- TASK ITEM:
Where pictures appear, omit them, and copy exactly only the lines from the start of the listing through the line containing "After traveling in", both included.

- DATA FOR REVIEW:
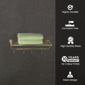 24″ Gold PVD |Towel Rack with Hooks | Durable Brass | Product Code: LBA 3211
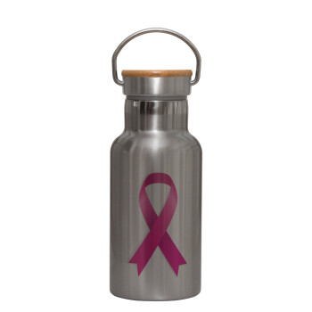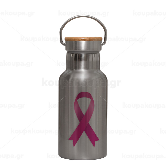 World cancer day, Stainless steel metallic thermos flask, silver with a bamboo lid, double-walled, 350ml.
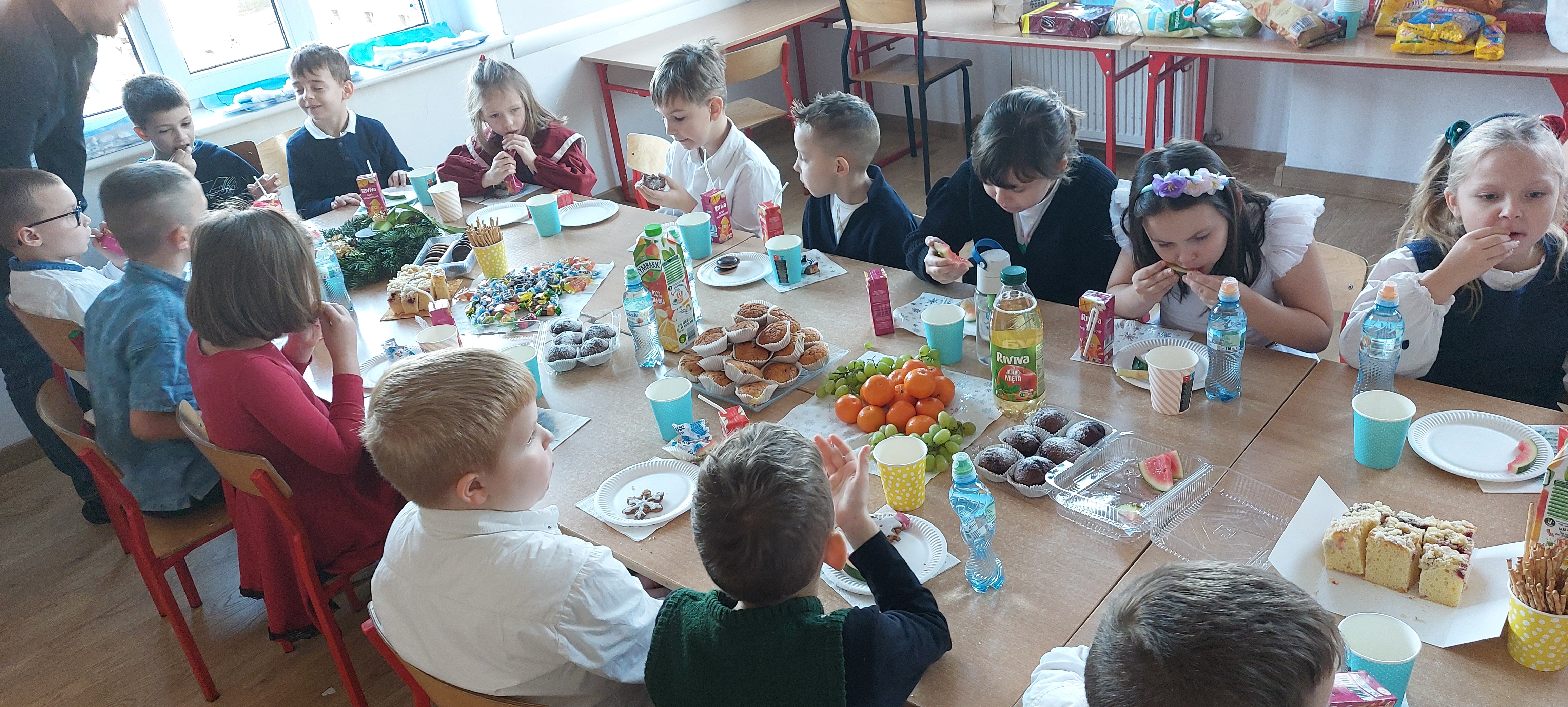 5. 19.12.2025 odbyła się wigilia klasowa, podczas której składaliśmy życzenia, śpiewaliśmy kolędy i częstowaliśmy się słodkościami.
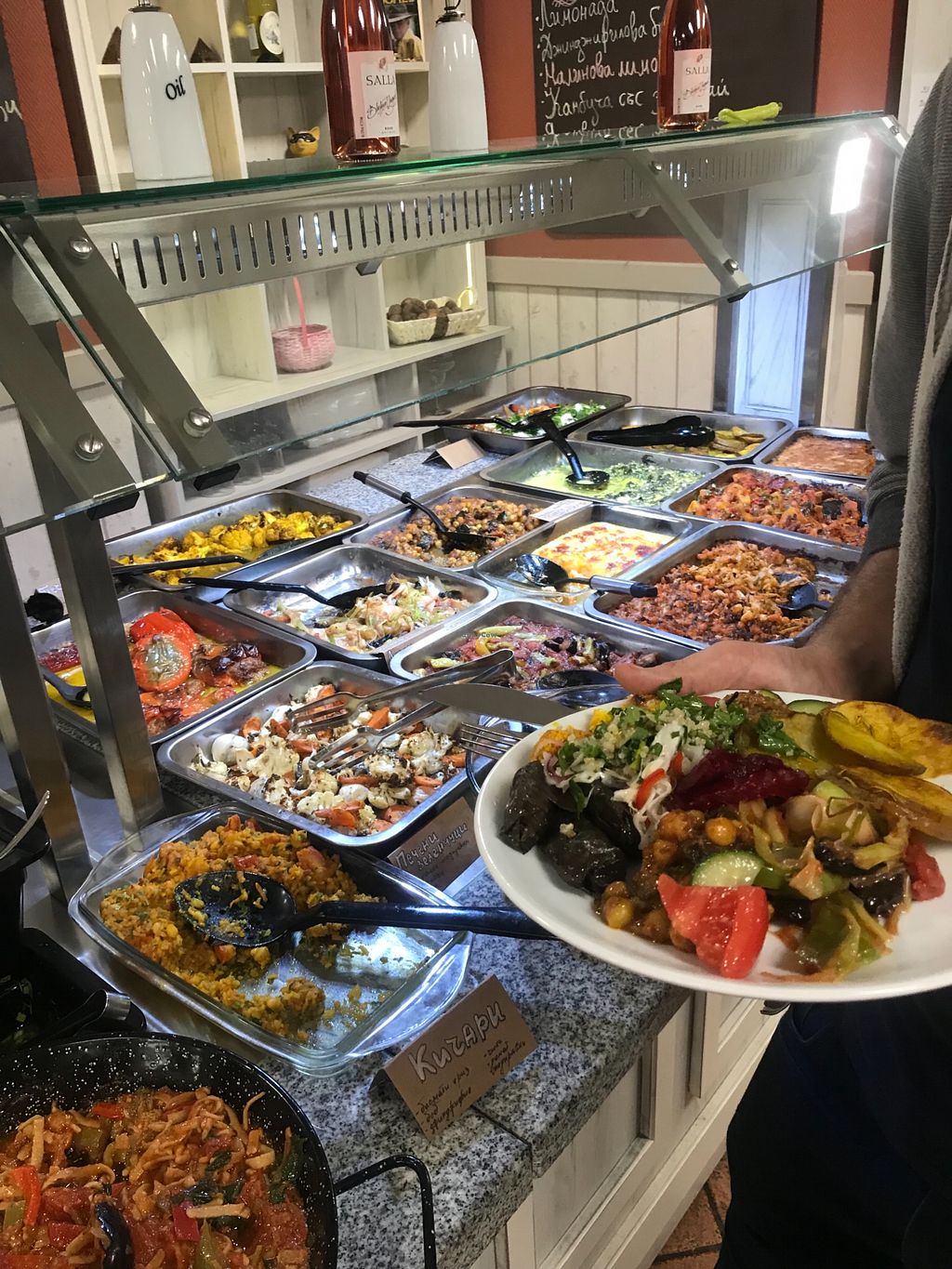 After traveling in Bulgaria for 10 days, this is my first time here have problem with choices, because that was too “many”options. I’m a vegetarian but I don’t like to eat only salad, they have many different dishes, you pay how much food you get, there are also vegan cakes. This is my favorite restaurant in Bulgaria so far, although the price for locals is expensive but it definitely worth it. BUT yesterday I went there is one dish with fish, the staff speaks some English, better ask before you get it, they are very helpful and friendly.
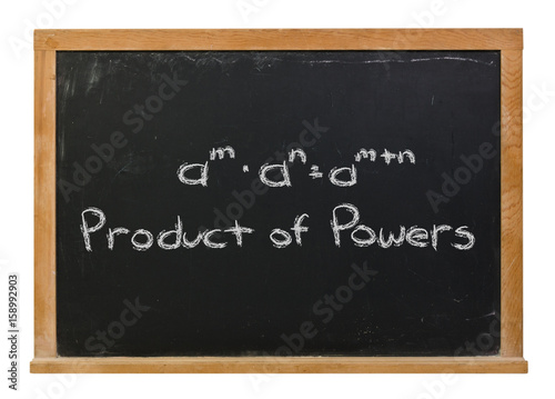 © clsdesign, Obraz premium Product of powers written in white chalk on a black chalkboard isolated on white
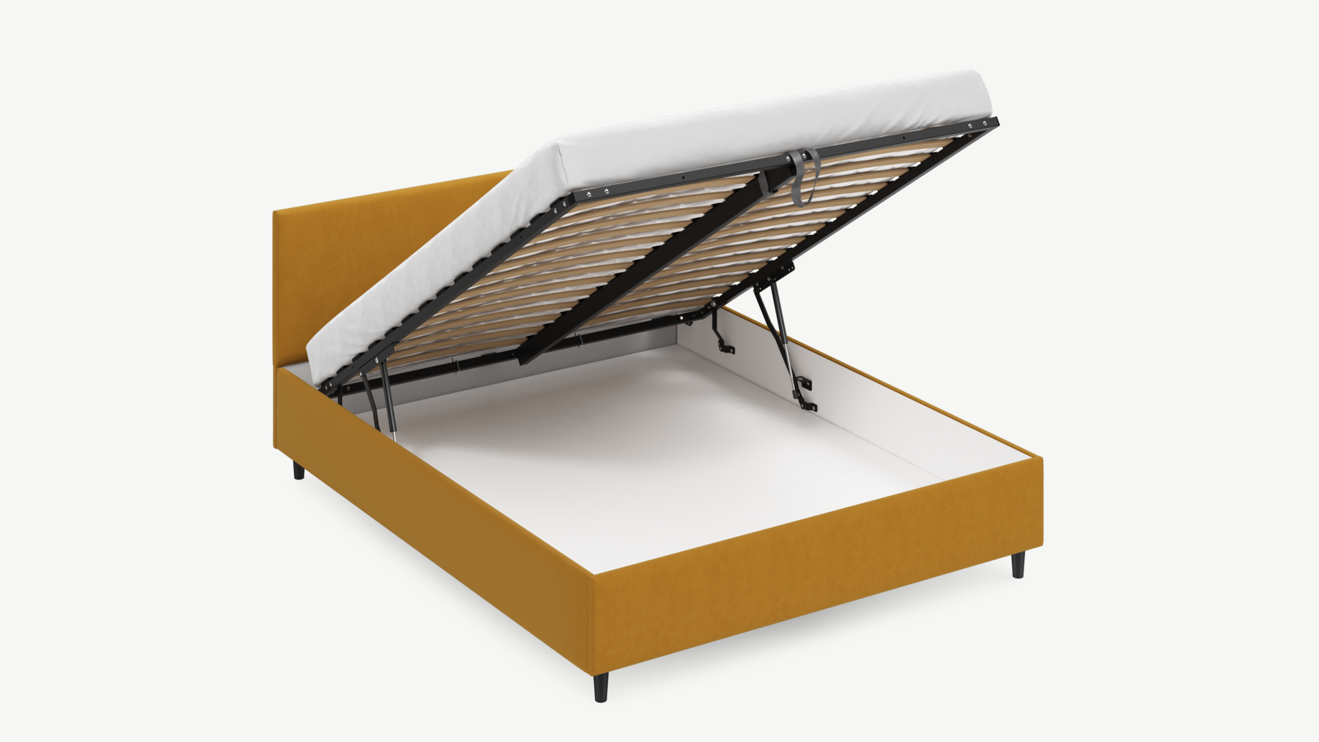• Скрытая под основанием вместительная емкость без внутренних перегородок позволяет использовать всю площадь подкроватного пространства для хранения вещей.
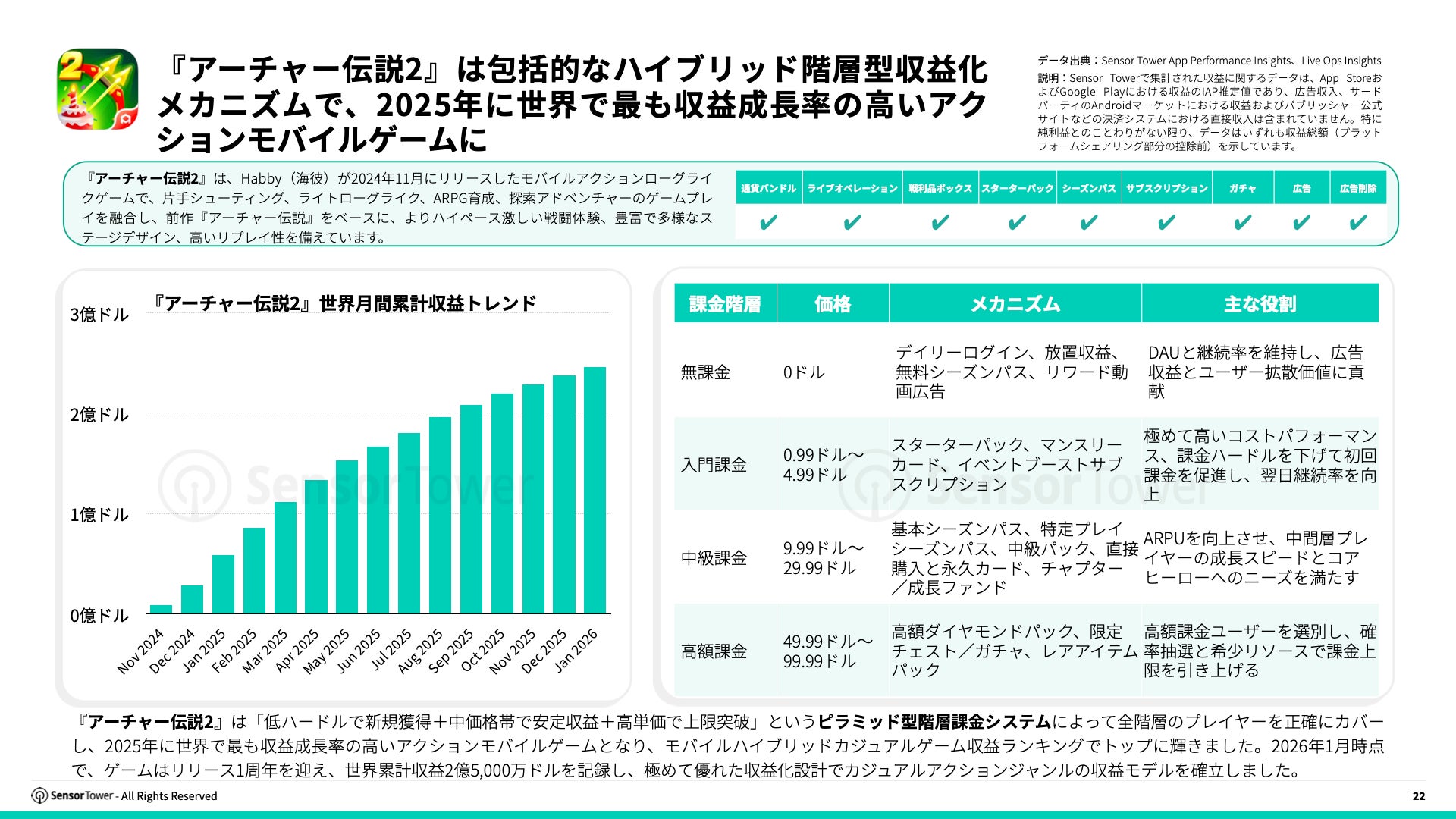 『アーチャー伝説2』は「低ハードルでの新規獲得+中価格帯での安定収益+高単価での収益最大化」というピラミッド型階層型課金体系によって、全レベルのプレイヤーを正確にカバーし、2025年世界で最も収益成長が高いアクションゲームとなり、ハイブリッドカジュアルゲーム収益ランキングでトップを獲得しました。同作は2026年1月時点でリリース1周年を迎えており、世界累計収益2億5,000万ドルに達し、極限の商業化設計によってカジュアルアクションジャンルの収益モデルを確立しました。

- OUTPUT:
 24″ Gold PVD |Towel Rack with Hooks | Durable Brass | Product Code: LBA 3211
 World cancer day, Stainless steel metallic thermos flask, silver with a bamboo lid, double-walled, 350ml.
 5. 19.12.2025 odbyła się wigilia klasowa, podczas której składaliśmy życzenia, śpiewaliśmy kolędy i częstowaliśmy się słodkościami.
 After traveling in Bulgaria for 10 days, this is my first time here have problem with choices, because that was too “many”options. I’m a vegetarian but I don’t like to eat only salad, they have many different dishes, you pay how much food you get, there are also vegan cakes. This is my favorite restaurant in Bulgaria so far, although the price for locals is expensive but it definitely worth it. BUT yesterday I went there is one dish with fish, the staff speaks some English, better ask before you get it, they are very helpful and friendly.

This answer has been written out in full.